(755) The fire took place on the morning of the 2d of March. There was no reason for any particular suspicion, except the general dislike in the lower classes of the people, arising from a notion, that the undertaking enhanced the price of corn and decreased the value of labour.-E.
(756) Sir Joseph Banks, while President of the Royal Society, had a weekly evening reception of all persons distinguished in science or the arts.
(757) A celebrated opera.
I did not begin my letter on customary Friday , because I had nothing new to tell or to say. The town lies fallow—not an incident worth repeating as far as I know. Parliament manufactures only bills, not politics. I never understood any thing useful; and, now that my time and connexions are shrunk to so narrow a compass, what business have I with business? As I have mended considerably for the last four days, and as we have had a fortnight of soft warm weather, and a southwest wind to-day, I have ventured hither for change Of air, and to give orders about some repairs at Cliveden; which, by the way, Mr. Henry Bunbury, two days ago, proposed to take off my hands for his life. I really do not think I accepted his offer. I shall return to town on Monday, and hope to find a letter to answer—or what will this do?

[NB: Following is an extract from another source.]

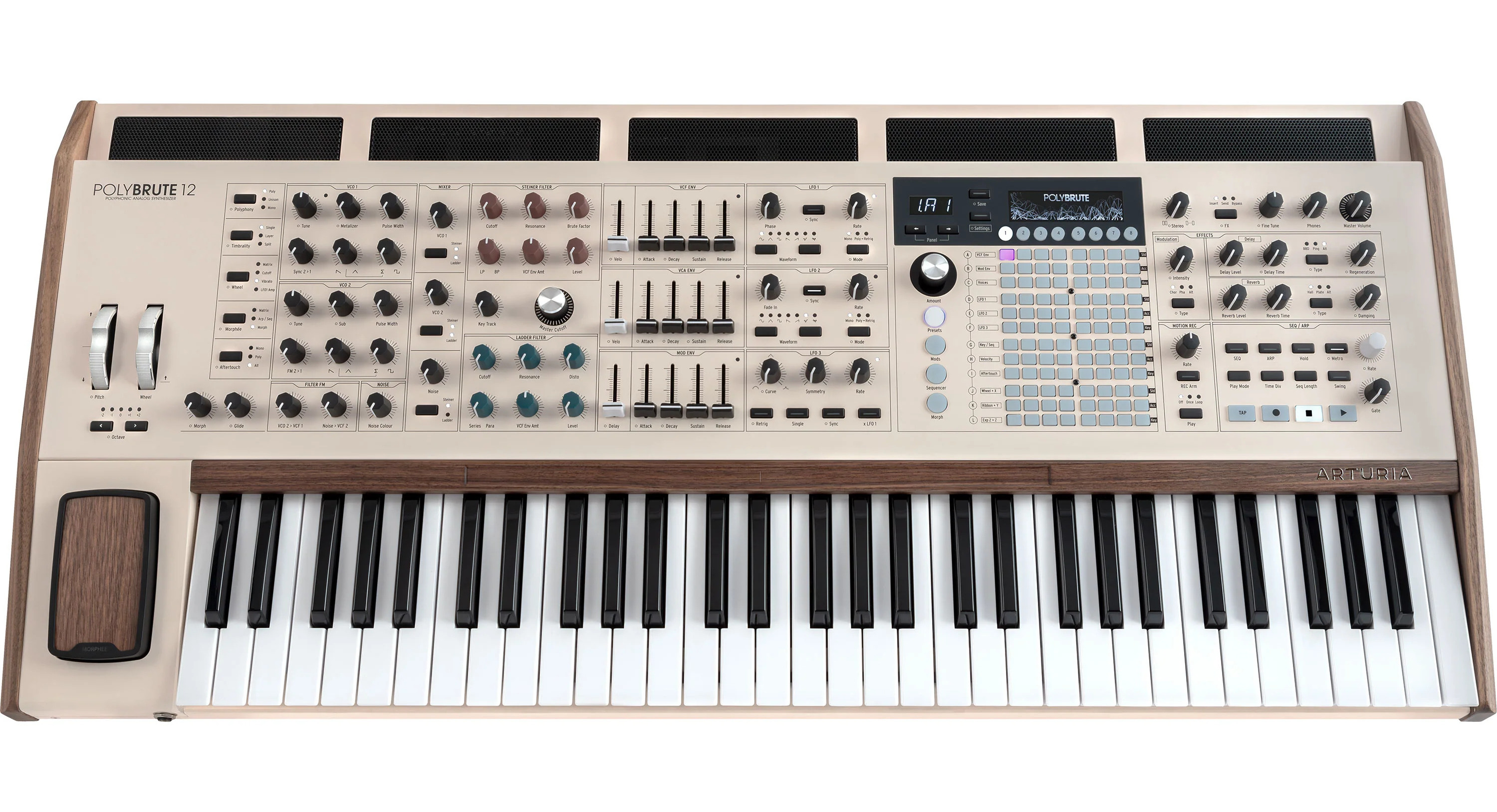 Το πολυφωνικό πληκτρολόγιο Full Touch® MPE του PolyBrute προσφέρει απαράμιλλη ευαισθησία και έλεγχο, επιτρέποντας σε κάθε νότα να διαμορφώνεται ανεξάρτητα, για μια απίστευτα δυναμική σύνθεση. Αυτό συν το τρισδιάστατο pad Morphee, το χειριστήριο ribbon (ξύλινο) και το καταγραφικό κίνησης, καθιστά δυνατή την πραγματικά πολυδιάστατη διαμόρφωση.

Berkeley Square, Monday evening.
I am returned and find the only letter I dreaded, and the only one, I trust, that I shall ever not be impatient to receive from you. Though ten thousand times kinder than I deserve, it wounds my heart: as I find I have hurt two of the persons I love the best upon earth’, and whom I am most constantly studying to please and serve. That I soon repented of my murmurs, you have seen by my subsequent letters. The truth, as you may have perceived, though no excuse, was, that I had thought myself dying, and should never see you more; that I was extremely weak and low, when Mrs. Damer’s letter arrived, and mentioned her supposing that I should not see you till spring twelvemonth. That terrible sentence recalled Mr. Batt’s being the first to assure me of your going abroad, when I had concluded you had laid aside the design. I did sincerely allow that in both instances you had acted from tenderness in concealing your intentions; but, as I knew I could better bear the information from yourselves than from others, I thought it unfriendly to let me learn from others what interested me so deeply: yet I do not in the least excuse my conduct; no, I condemn it in every light, and shall never forgive myself if you do not promise me to be guided entirely by your own convenience and inclinations about your return. I am perfectly well again, and just as likely to live one year as half an one. Indulge your pleasure in being abroad while you are there.